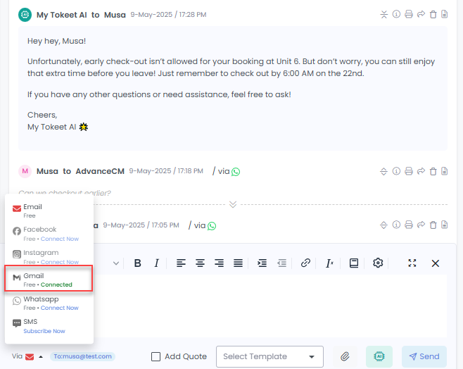 Integrating Gmail into a Property Management System (PMS) can significantly streamline communication and workflow. Gmail Messaging feature in AdvanceCM allows property managers and staff to communicate efficiently with guests directly within the platform. Whether you need to send booking confirmations or address guest inquiries, the messaging functionality in AdvanceCM provides a centralized, streamlined communication system.
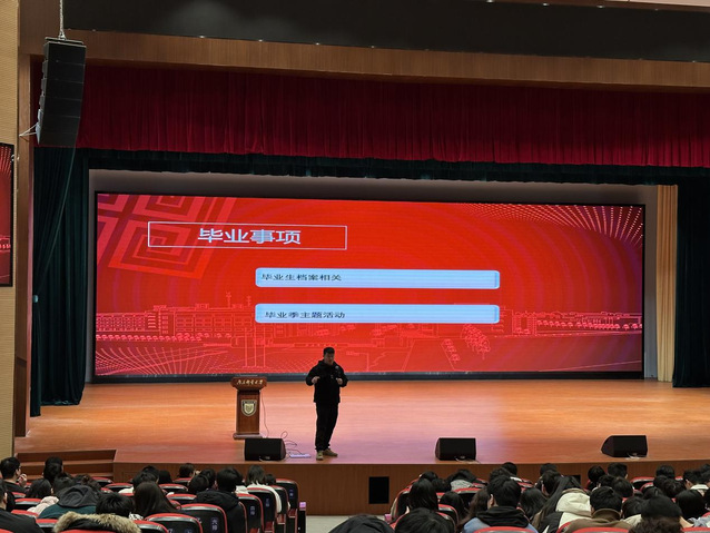 教务管理科科长苏星星为同学们进行学籍政策方面的解读,讲述临近毕业的几个月学籍相关方面的问题,包括毕业资格审核,大四重修课程,自主化学分是否达标以及能否满足毕业要求等。最后,苏星星科长强调诚信考试,走好本科阶段的最后一步,对自己负责,重视毕业设计,充分利用时间,希望大家都能顺利毕业
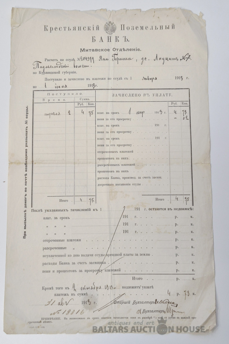 Расчёт по ссуде. Крестьянской Поземельный Банк. Митавский отделение, 1913г.
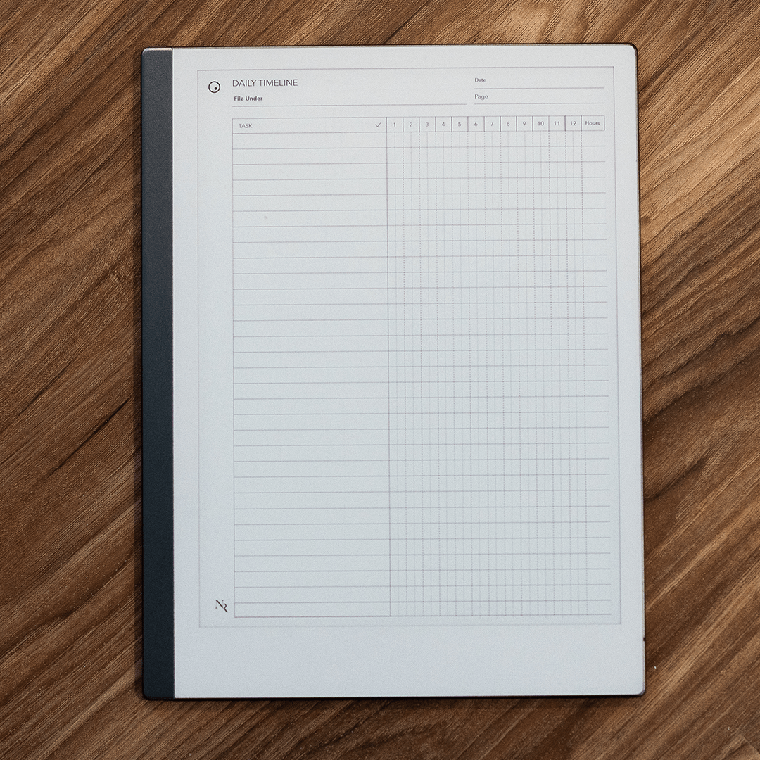 A PDF functions like a multi-page notebook, typically featuring fixed navigation. This means you cannot add custom templates to additional pages after creation. In contrast, PNGs serve as templates for alternating page backgrounds throughout your notebook, offering more flexibility to build it according to your needs. PDFs can be imported using the app available at remarkable.com, while PNGs need to be installed using either the Template Installer App or our Desktop Manager App (Binder).
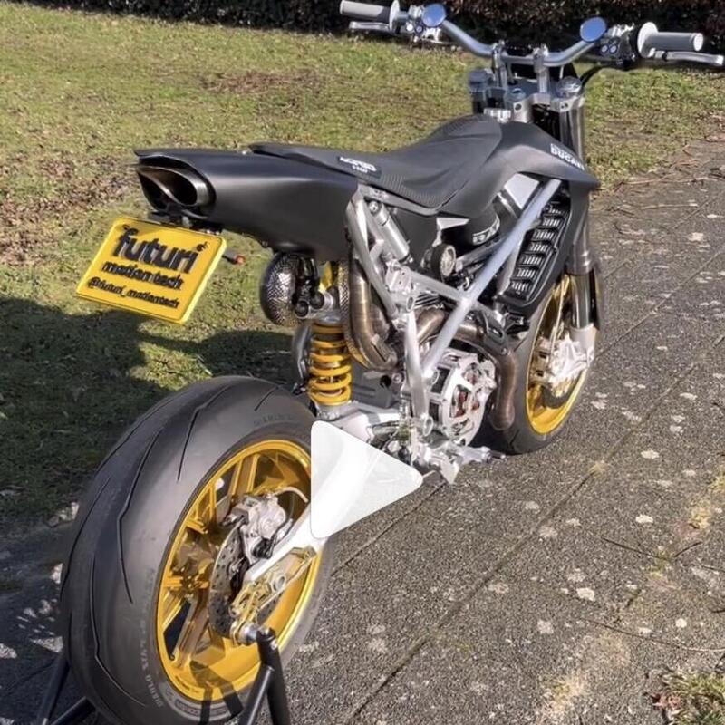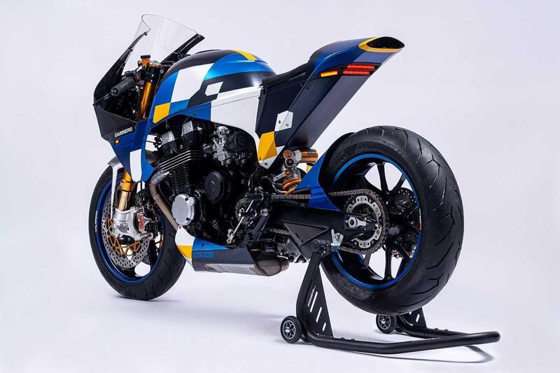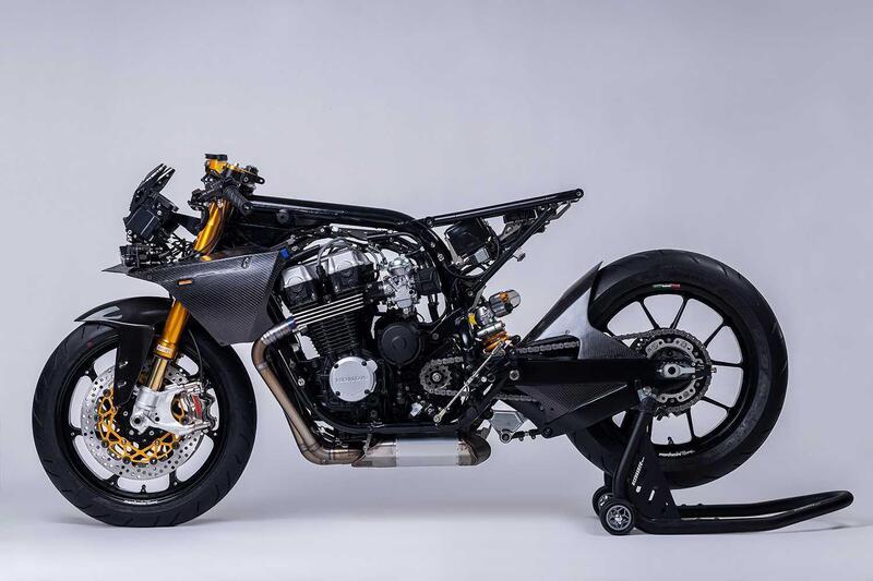 Ci sono poi cerchi in alluminio forgiato Marchesini con pneumatici Pirelli Diablo Rosso II. La frenata è affidata a pinze Brembo su entrambi gli assi: due unità ricavate dal pieno che stringono dischi da 320 mm all'anteriore, disco flottante alleggerito al posteriore. Il cockpit è dominato da un cruscotto digitale ECUMaster, affiancato da semimanubri con manopole e acceleratore Domino, leve Brembo e commutatori in stile racing.
________
THE TASK → Output each record verbatim and leave out its pictures.

REPLY TO THE TASK →
 Integrating Gmail into a Property Management System (PMS) can significantly streamline communication and workflow. Gmail Messaging feature in AdvanceCM allows property managers and staff to communicate efficiently with guests directly within the platform. Whether you need to send booking confirmations or address guest inquiries, the messaging functionality in AdvanceCM provides a centralized, streamlined communication system.
 教务管理科科长苏星星为同学们进行学籍政策方面的解读,讲述临近毕业的几个月学籍相关方面的问题,包括毕业资格审核,大四重修课程,自主化学分是否达标以及能否满足毕业要求等。最后,苏星星科长强调诚信考试,走好本科阶段的最后一步,对自己负责,重视毕业设计,充分利用时间,希望大家都能顺利毕业
 Расчёт по ссуде. Крестьянской Поземельный Банк. Митавский отделение, 1913г.
 A PDF functions like a multi-page notebook, typically featuring fixed navigation. This means you cannot add custom templates to additional pages after creation. In contrast, PNGs serve as templates for alternating page backgrounds throughout your notebook, offering more flexibility to build it according to your needs. PDFs can be imported using the app available at remarkable.com, while PNGs need to be installed using either the Template Installer App or our Desktop Manager App (Binder).
 Ci sono poi cerchi in alluminio forgiato Marchesini con pneumatici Pirelli Diablo Rosso II. La frenata è affidata a pinze Brembo su entrambi gli assi: due unità ricavate dal pieno che stringono dischi da 320 mm all'anteriore, disco flottante alleggerito al posteriore. Il cockpit è dominato da un cruscotto digitale ECUMaster, affiancato da semimanubri con manopole e acceleratore Domino, leve Brembo e commutatori in stile racing.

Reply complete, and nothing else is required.